When analyzing images, information about the color of a scene element is usually available only from a three-channel sensor point of view. Due to the mismatch between the dimensions of the spectrum space and the sensor space, the measured tristimulus can be generated by different metameric spectra, which complicates the solution of the color reproduction problem [horn1984exact]. As a result, lighting compensation is always possible only with some approximation [brill1978device, west1979, qiu2018image]. The situation is similar with color space transform [Finlayson1994] and spectral reconstruction [otsu2018].

To overcome this difficulty, one can introduce restrictions on the set of possible spectra [logvinenko2009object, logvinenko2013metamer], which allows us to construct correct color transformations. A particular case of this approach relies on the so-called spectral models that define a set of protomeric spectra [Stiles1962, weinberg1976geometry, nikolayev1985model, Griffin2019]. By the term ‘‘spectral model’’ we will mean bijective mapping of the tristimulus space into the space of model parameters. In this case, each spectrum from a certain subspace of all spectra is represented in a unique way using the model parameters [nikolaev2007spectral].

In the paper [nikolaev2008spectral], the authors note that in order to achieve high-quality color reproduction, the spectral model must have certain properties that correspond to the linear color formation model [nikolaev2004linear]. Particularly, it is important that the set of spectral approximations is closed under addition, multiplication by a number and multiplication by itself. Closure under addition allows us to describe the summation effect of several lighting sources correctly, and closure under multiplication allows us to describe multiple reflections of light from surfaces [nikolaev2006efficiency, gusamutdinova2017verification] and to approximate high-saturation spectra higher accuracy [nikolaev2008spectral]. Also, an important property is the color set coverage [nikolaev2008spectral, mizokami2012, mirzaei2014object]. As a rule, it is not always possible to satisfy all the properties simultaneously, so the question arises: ‘‘How many (and which) properties can a single model have?’’.

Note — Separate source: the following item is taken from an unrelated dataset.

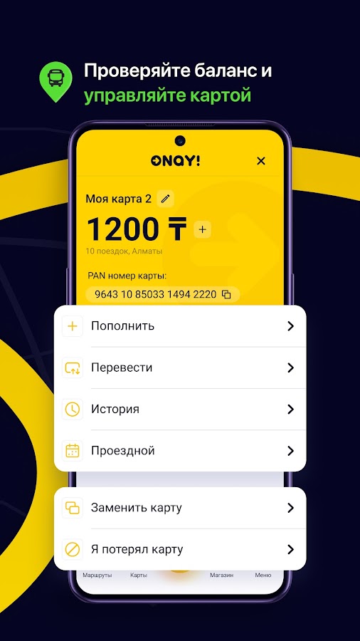 • легко и быстро пополняйте баланс карты ONAY!;

In the paper we discuss linear models [brill1978device, Stiles1962, yilmaz1962theory, land1971lightness, nyberg1971II, Sallstrom1973, buchsbaum1980spacial, cohen1982r_matrix, Maloney86constancy, maloney1986evaluation, Marimont1992, Lee1995]. They are of interest because, on the one hand, they are computationally efficient, and, on the other hand, they are closed under addition. However, all of them have a significant drawback – they poorly approximate high saturation spectra [maloney1986evaluation, brill1986chromatic] and, as a result, have a low level of coverage of the color triangle (using three primaries, it is impossible to cover strictly convex color triangle) [nikolaev2007spectral].

It is important to note a special case of linear model – the banded spectral model, in which the spectra are assumed piecewise constant [Stiles1962, land1971lightness, nyberg1971II, maximov1984transformation]. Previously, it was hypothesized that this is the only model that simultaneously has the properties of closure under addition and multiplication [nikolaev2007spectral]. In this paper, we provide a proof of this statement in Section 3.1. In this regard, it makes no sense to look for other models closed under addition and multiplication, but there is still the question of covering a set of colors.

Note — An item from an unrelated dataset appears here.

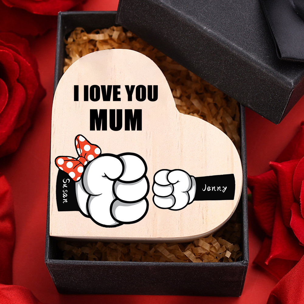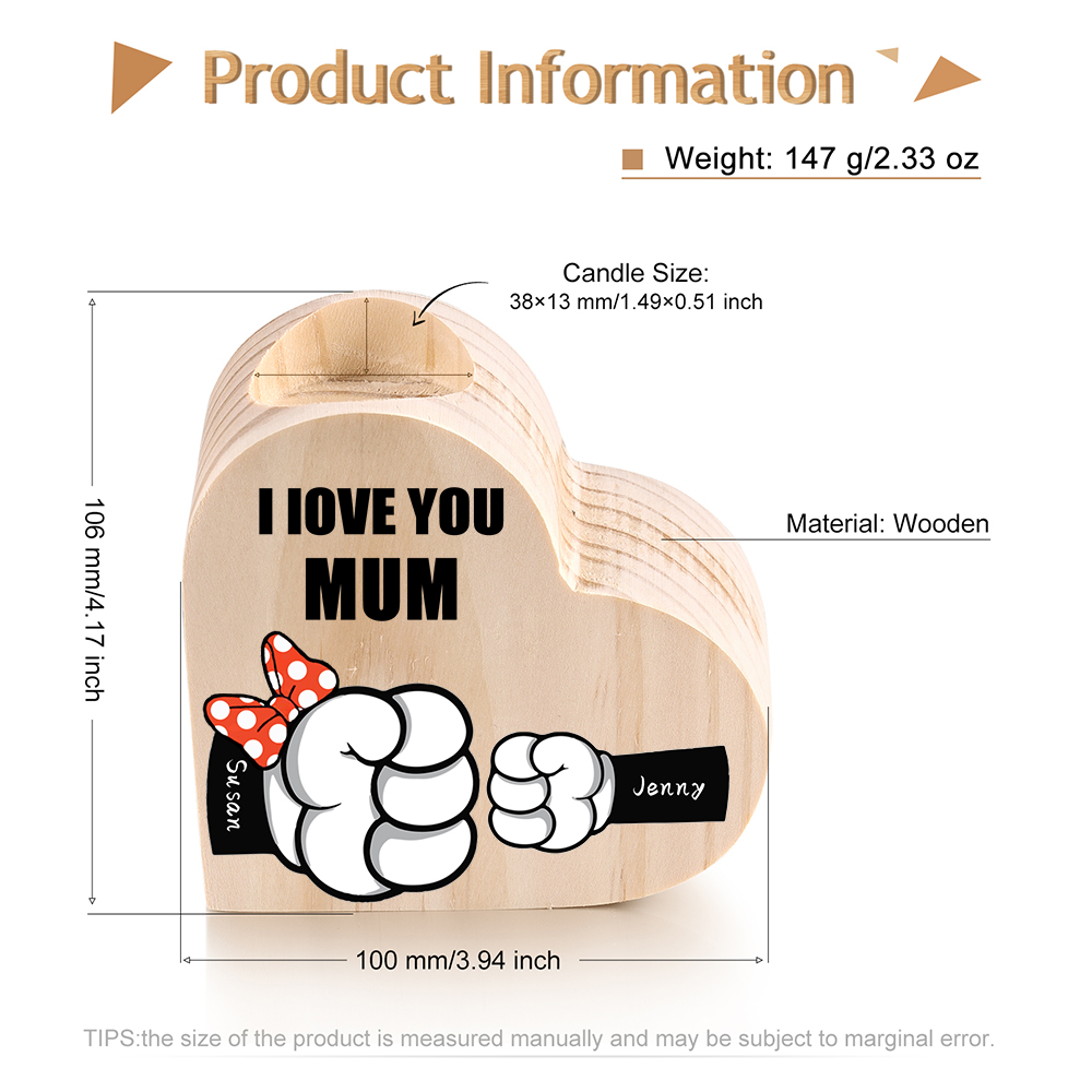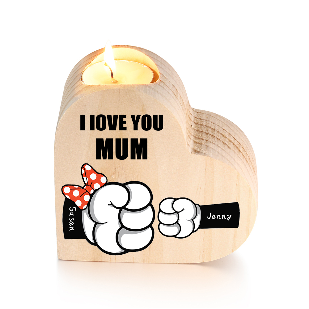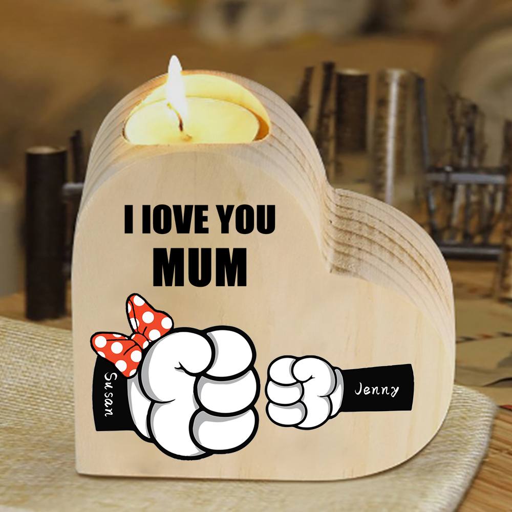 2 Names-Personalized Fist Bump Heart-Shape Candlestick Custom Text Mother's Day Gift Wooden Custom Candle Holder For Family

Later on, exponent-based spectral models were proposed, in which the parameters are arguments of an exponential function (in the future we will be interested in a narrower class of them, see Section 3). The use of such models makes it possible to approximate high saturation spectra and increase the coverage area. First of them was the Gaussian model [weinberg1976geometry, nikolayev1985model] and its variants [mizokami2012, Brill2002, MacLeod2003, logvinenko2013object]. Like all exponential models, the Gaussian model has the property of closure under multiplication. In addition, its parameters intuitively correspond to the color appearance characteristics [nikolaev2007spectral, nikolaev2008spectral, mizokami2012]

. The peak of the Gaussian roughly corresponds to hue, the standard deviation corresponds to saturation, and the amplitude corresponds to brightness or lightness. The Gaussian model can be used to explain the Abney effect, which might be an indication that the human eye code the colors in a similar way

[Mizokami2006]. Experiments [nikolaev2006efficiency, nikolaev2005comparative] has confirmed that the quality of color constancy problem description is significantly higher for the Gaussian models compared to the linear [Lee1995] ones. The disadvantage of the Gaussian models is that they do not allow achieving uniform coverage of chromaticity values on the color triangle [mizokami2012, mirzaei2014object].

In an attempt to solve this problem, the authors of [nikolaev2007spectral] has introduced the von Mises model

. Authors experimentally proved that this model provides complete coverage for the standard observer color triangle. At the moment, however, it is not theoretically proven whether the von Mises model allows to completely cover the color triangle of an arbitrary sensor (including ones with non-convex spectral locus). In the Section 

3, the von Mises model is formally defined, in the Section 3.2 its connection with the Gaussian model is studied, and the following Section 4 is devoted to the answers to the questions about coverage.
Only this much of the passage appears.